▶ _Goal of the exercise_: Nothing should appear in the answer except the lines below from the line containing "团支书谭太虎带领大家回顾了中" through the line containing "Lesions start as", copied exactly, with pictures left out.

▶ _Records provided_:
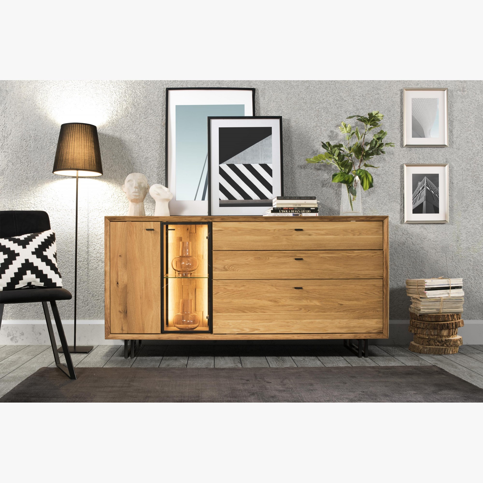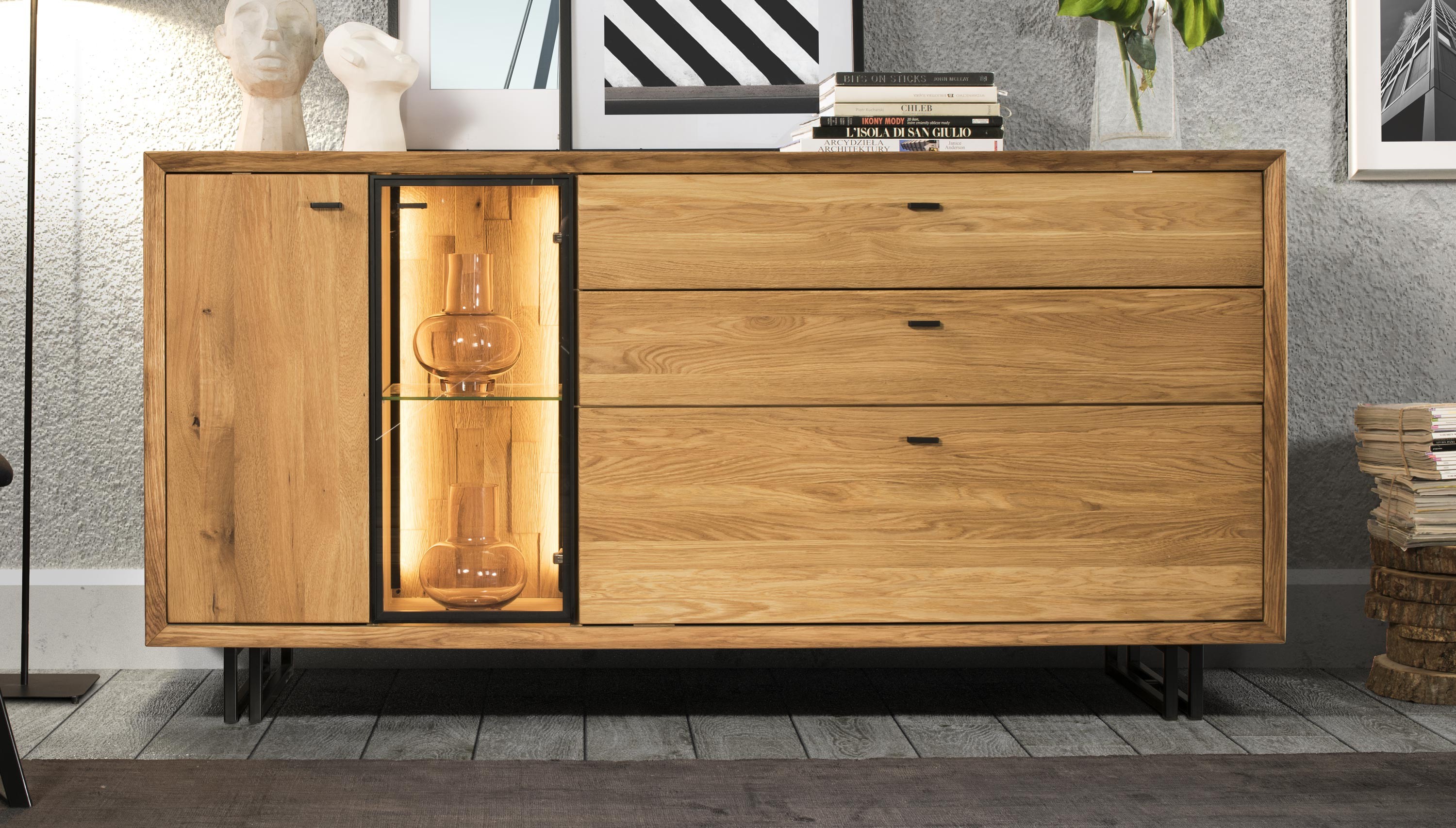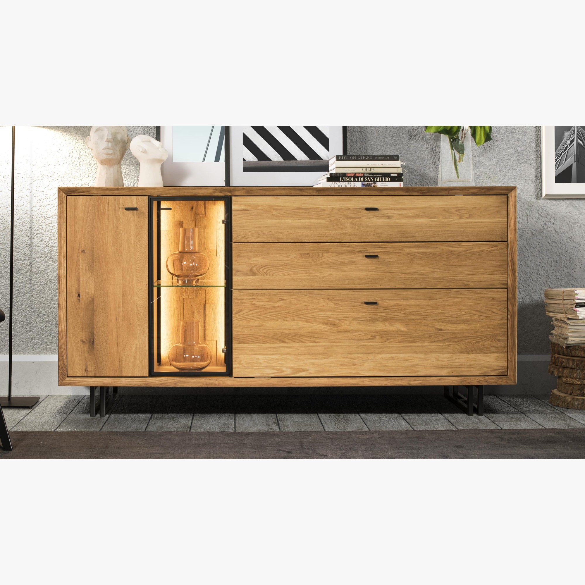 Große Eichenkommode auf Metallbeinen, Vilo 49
==
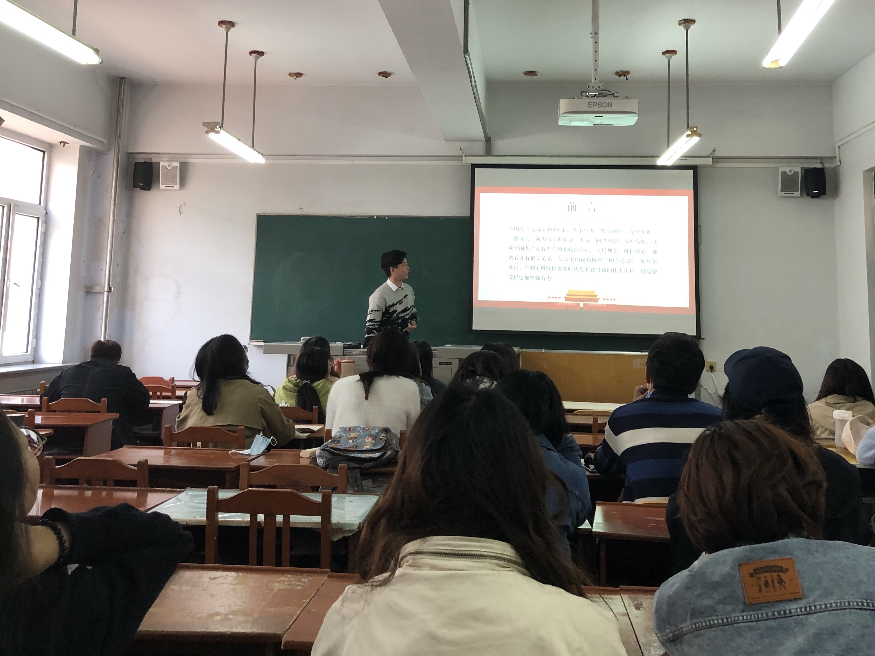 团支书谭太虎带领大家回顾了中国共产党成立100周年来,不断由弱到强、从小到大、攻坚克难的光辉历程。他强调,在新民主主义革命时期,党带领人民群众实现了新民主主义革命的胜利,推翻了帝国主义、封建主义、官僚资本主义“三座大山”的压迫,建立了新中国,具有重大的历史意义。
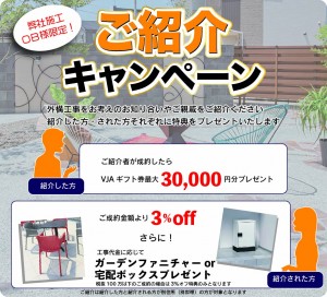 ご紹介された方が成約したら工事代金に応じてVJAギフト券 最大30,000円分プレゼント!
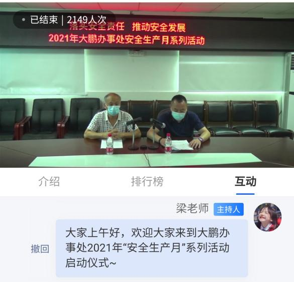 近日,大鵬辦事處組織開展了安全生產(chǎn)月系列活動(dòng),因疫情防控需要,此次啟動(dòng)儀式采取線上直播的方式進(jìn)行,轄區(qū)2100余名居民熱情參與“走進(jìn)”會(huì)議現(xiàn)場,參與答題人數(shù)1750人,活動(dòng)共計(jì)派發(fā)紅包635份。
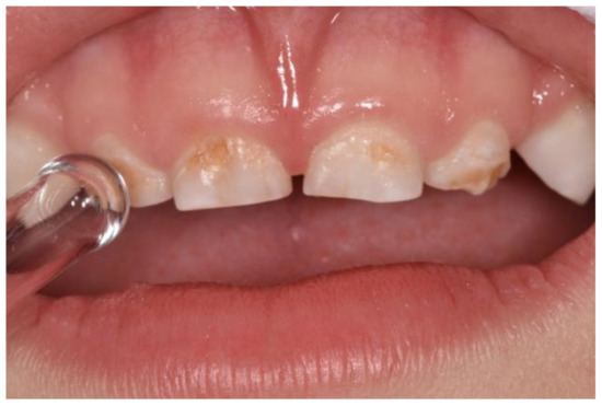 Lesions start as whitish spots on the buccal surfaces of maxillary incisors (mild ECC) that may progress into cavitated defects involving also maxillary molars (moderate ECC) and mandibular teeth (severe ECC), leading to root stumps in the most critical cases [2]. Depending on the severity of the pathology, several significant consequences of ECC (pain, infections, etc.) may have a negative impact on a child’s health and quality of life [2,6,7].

▶ _Solution to the exercise_:
 团支书谭太虎带领大家回顾了中国共产党成立100周年来,不断由弱到强、从小到大、攻坚克难的光辉历程。他强调,在新民主主义革命时期,党带领人民群众实现了新民主主义革命的胜利,推翻了帝国主义、封建主义、官僚资本主义“三座大山”的压迫,建立了新中国,具有重大的历史意义。
 ご紹介された方が成約したら工事代金に応じてVJAギフト券 最大30,000円分プレゼント!
 近日,大鵬辦事處組織開展了安全生產(chǎn)月系列活動(dòng),因疫情防控需要,此次啟動(dòng)儀式采取線上直播的方式進(jìn)行,轄區(qū)2100余名居民熱情參與“走進(jìn)”會(huì)議現(xiàn)場,參與答題人數(shù)1750人,活動(dòng)共計(jì)派發(fā)紅包635份。
 Lesions start as whitish spots on the buccal surfaces of maxillary incisors (mild ECC) that may progress into cavitated defects involving also maxillary molars (moderate ECC) and mandibular teeth (severe ECC), leading to root stumps in the most critical cases [2]. Depending on the severity of the pathology, several significant consequences of ECC (pain, infections, etc.) may have a negative impact on a child’s health and quality of life [2,6,7].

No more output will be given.